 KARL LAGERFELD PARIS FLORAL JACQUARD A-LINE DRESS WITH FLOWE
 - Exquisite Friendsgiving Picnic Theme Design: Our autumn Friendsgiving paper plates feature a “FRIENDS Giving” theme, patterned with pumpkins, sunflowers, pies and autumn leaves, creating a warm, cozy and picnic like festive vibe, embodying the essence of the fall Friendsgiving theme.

-.-.-

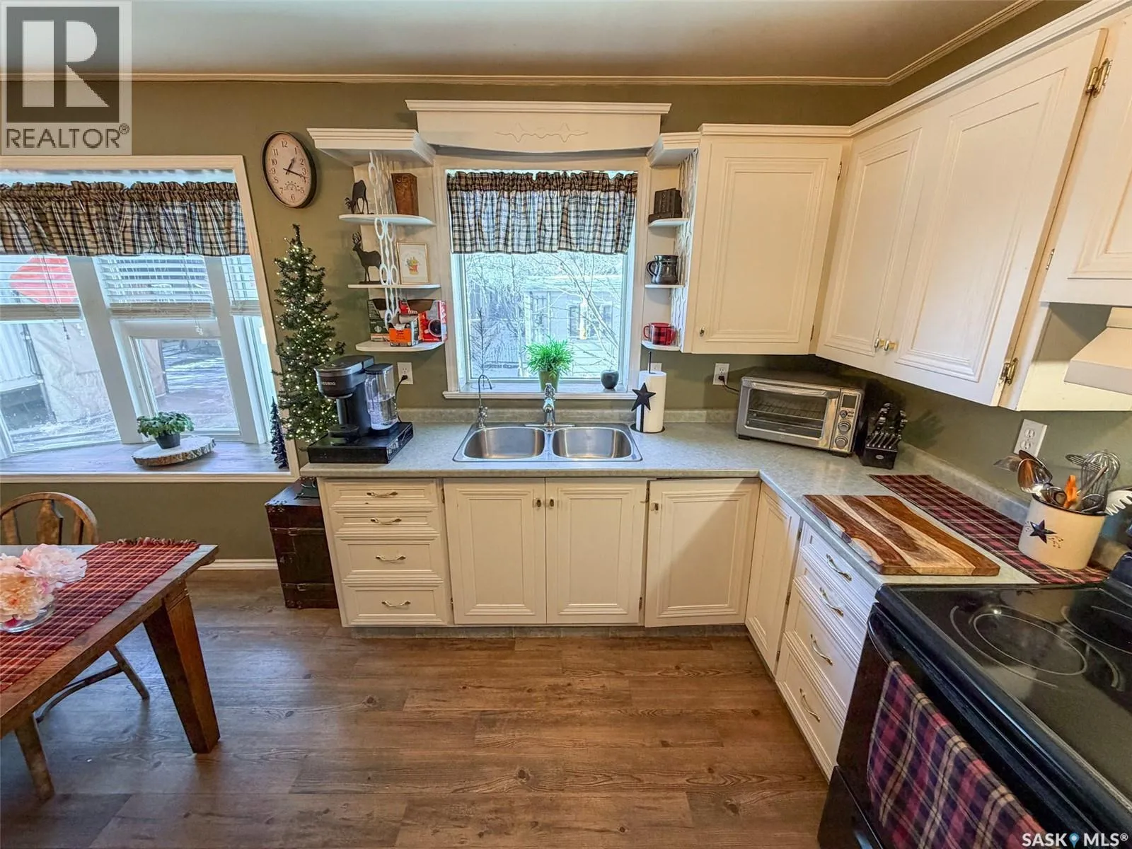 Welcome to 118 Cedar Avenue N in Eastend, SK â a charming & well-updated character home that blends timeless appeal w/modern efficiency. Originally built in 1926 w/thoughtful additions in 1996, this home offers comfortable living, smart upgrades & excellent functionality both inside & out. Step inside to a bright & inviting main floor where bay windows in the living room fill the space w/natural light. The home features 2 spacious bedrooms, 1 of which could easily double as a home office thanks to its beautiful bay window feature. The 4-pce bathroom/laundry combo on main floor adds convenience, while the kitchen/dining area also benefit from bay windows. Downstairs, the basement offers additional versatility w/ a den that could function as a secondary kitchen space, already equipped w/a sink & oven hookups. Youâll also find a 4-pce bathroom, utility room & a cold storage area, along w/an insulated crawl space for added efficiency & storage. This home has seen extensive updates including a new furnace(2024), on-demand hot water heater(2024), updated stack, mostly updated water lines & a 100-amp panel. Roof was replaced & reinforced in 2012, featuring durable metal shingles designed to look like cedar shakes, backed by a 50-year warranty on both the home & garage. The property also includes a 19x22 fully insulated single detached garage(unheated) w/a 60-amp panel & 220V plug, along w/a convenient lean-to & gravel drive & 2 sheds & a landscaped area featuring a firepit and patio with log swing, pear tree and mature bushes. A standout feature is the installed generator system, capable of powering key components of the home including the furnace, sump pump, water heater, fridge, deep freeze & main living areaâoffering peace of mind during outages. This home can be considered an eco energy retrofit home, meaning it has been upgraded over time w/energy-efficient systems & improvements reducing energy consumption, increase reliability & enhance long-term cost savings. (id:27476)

-.-.-

• Task directions: From the entries above, give again exactly the lines running from the line with "KARL LAGERFELD PARIS" to the line with "- Exquisite Friendsgiving"; include both of those lines.

• Written response:
 KARL LAGERFELD PARIS FLORAL JACQUARD A-LINE DRESS WITH FLOWE
 - Exquisite Friendsgiving Picnic Theme Design: Our autumn Friendsgiving paper plates feature a “FRIENDS Giving” theme, patterned with pumpkins, sunflowers, pies and autumn leaves, creating a warm, cozy and picnic like festive vibe, embodying the essence of the fall Friendsgiving theme.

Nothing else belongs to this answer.